# Data Pre-Processing: Removing Unrelated Business Categories

---

### Problem Description:
* The dataset ```yelp_academic_dataset_business.json``` has many business categories unrelated to food reviews.
* Since our project focuses on food review text, we need to identify and remove unrelated business categories from our dataset during preprocessing.

In [82]:
import pandas as pd

# Do not truncate column content and show all columns
pd.set_option('display.max_colwidth', None)

# Create a dataframe containing the first fifty datapoints
dataframe = pd.read_json("yelp_academic_dataset_business.json", lines=True, nrows=50)

# Print each business category
print(dataframe['categories'].head(n=10).to_string(index=False).replace(' ',''))

ActiveLife,Gun/RifleRanges,Guns&Ammo,Shopping
Health&Medical,Fitness&Instruction,Yoga,ActiveLife,Pilates
Pets,PetServices,PetGroomers
HardwareStores,HomeServices,BuildingSupplies,Home&Garden,Shopping
HomeServices,Plumbing,Electricians,Handyman,Contractors
AutoRepair,Automotive,OilChangeStations,TransmissionRepair
DryCleaning&Laundry,LocalServices,LaundryServices
AutoRepair,OilChangeStations,Automotive,Tires
EthnicFood,FoodTrucks,SpecialtyFood,ImportedFood,Argentine,Food,Restaurants,Empanadas
MartialArts,Gyms,Fitness&Instruction,ActiveLife


### Regular Expressions Solution

* The yelp developer documentation has a businesses [category list](https://www.yelp.com/developers/documentation/v3/category_list). 

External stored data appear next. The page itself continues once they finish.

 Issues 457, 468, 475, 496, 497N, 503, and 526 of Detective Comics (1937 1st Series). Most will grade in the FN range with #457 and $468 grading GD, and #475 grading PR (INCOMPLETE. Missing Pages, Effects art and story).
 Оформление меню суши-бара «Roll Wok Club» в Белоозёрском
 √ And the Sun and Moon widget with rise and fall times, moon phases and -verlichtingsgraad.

* The category```Restaurant (restaurant)``` sub-divides into cuisine types, e.g.: 
    * Soul Food
    * Tapas


* The category```Food (food)``` sub-divides into food vendors, e.g.:
    * Gelato
    * Food Trucks


* Ignore unrelated business categories involving food:
    * Food Safety Training (foodsafety)
    * Food Tours (foodtours)
    * Food Banks (foodbanks)
    


* Use a regular expression to select targets categories for ```Food (food)``` and ```Restaurant (restaurant)```:

In [83]:
import re

# Create a dataframe containing the fifty datapoints of the dataset
dataframe = pd.read_json("yelp_academic_dataset_business.json", lines=True, nrows=50)

# Split the business category string by newline character
businesses = dataframe['categories'].to_string(index=False).replace(' ','').splitlines()

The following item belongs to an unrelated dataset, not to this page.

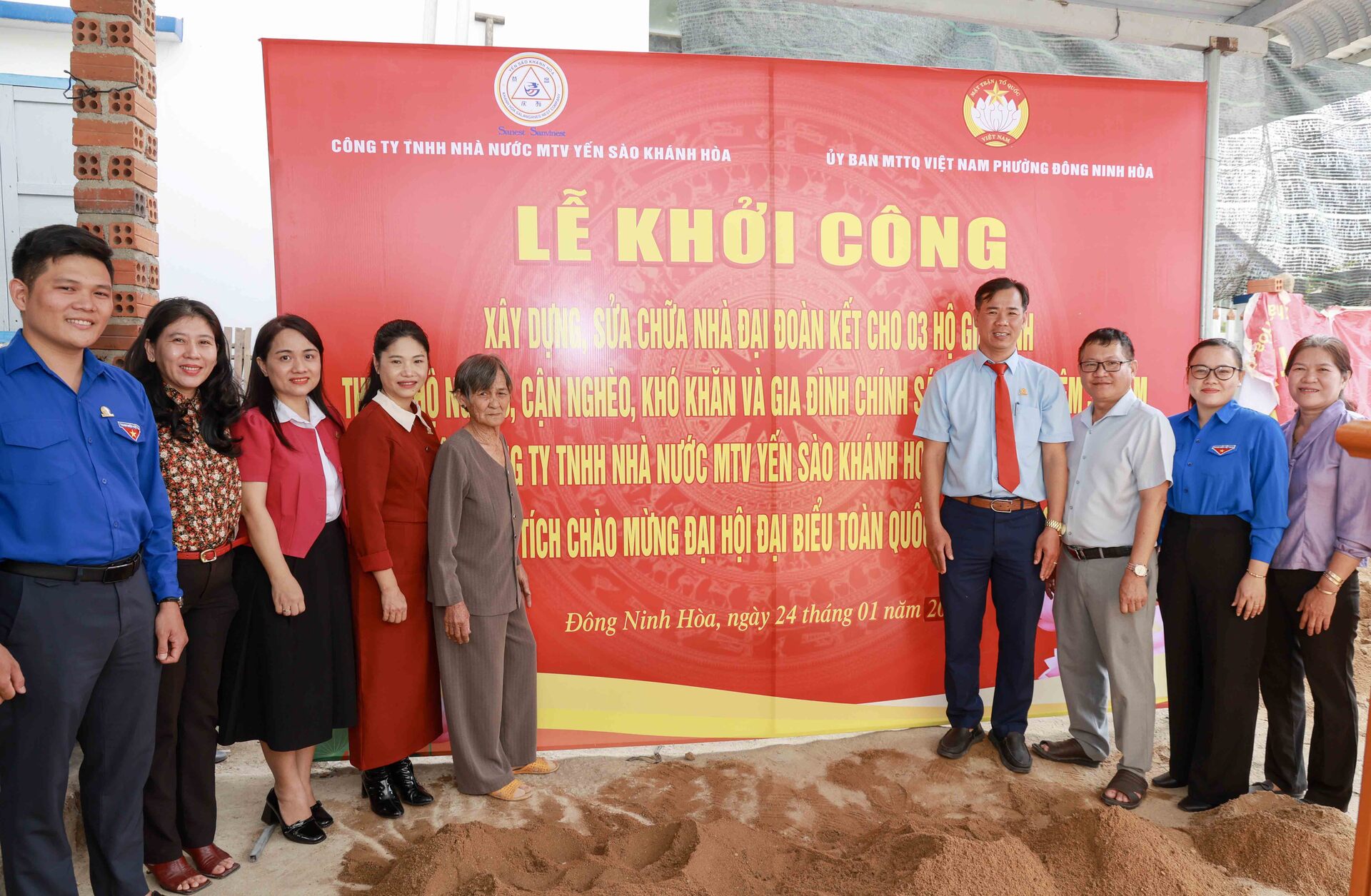 Ngày 24/1, Công ty Yến sào Khánh Hòa phối hợp với Uỷ ban MTTQ Việt Nam phường Đông Ninh Hòa tổ chức Lễ khởi công xây dựng, sửa chữa Nhà đại đoàn kết cho 3 hộ gia đình trên địa bàn.

# Construct our regular expression
foodieRegex = re.compile(r'\bfood\b|\brestaurants\b', flags=re.IGNORECASE)

# Filter our business categories using the regular expression
print(list(filter(foodieRegex.match, businesses)))

['Food,Restaurants,Grocery,MiddleEastern', 'Restaurants,Cheesesteaks,Poutineries', 'Food,Grocery', 'Food,Pretzels,Bakeries,FastFood,Restaurants', 'Restaurants,Burgers,Food', 'Restaurants,Vietnamese,Soup', 'Restaurants,Lebanese,MiddleEastern', 'Restaurants,FastFood,Burgers']


### Data Reduction: Remove Unrelated Business Categories

In [92]:
# Use the regular expression above to create a boolean mask for each row in the dataframe. Note: na=False also filters NaN values
boolMask = dataframe['categories'].str.contains(r'\bfood\b|\brestaurants\b',flags=re.IGNORECASE, na=False)

# Apply the boolean mask to filter out all unrelated business categories
restaurants = dataframe[boolMask]

# Check the results
print(restaurants['categories'].head(n=10).to_string(index=False).replace(' ',''))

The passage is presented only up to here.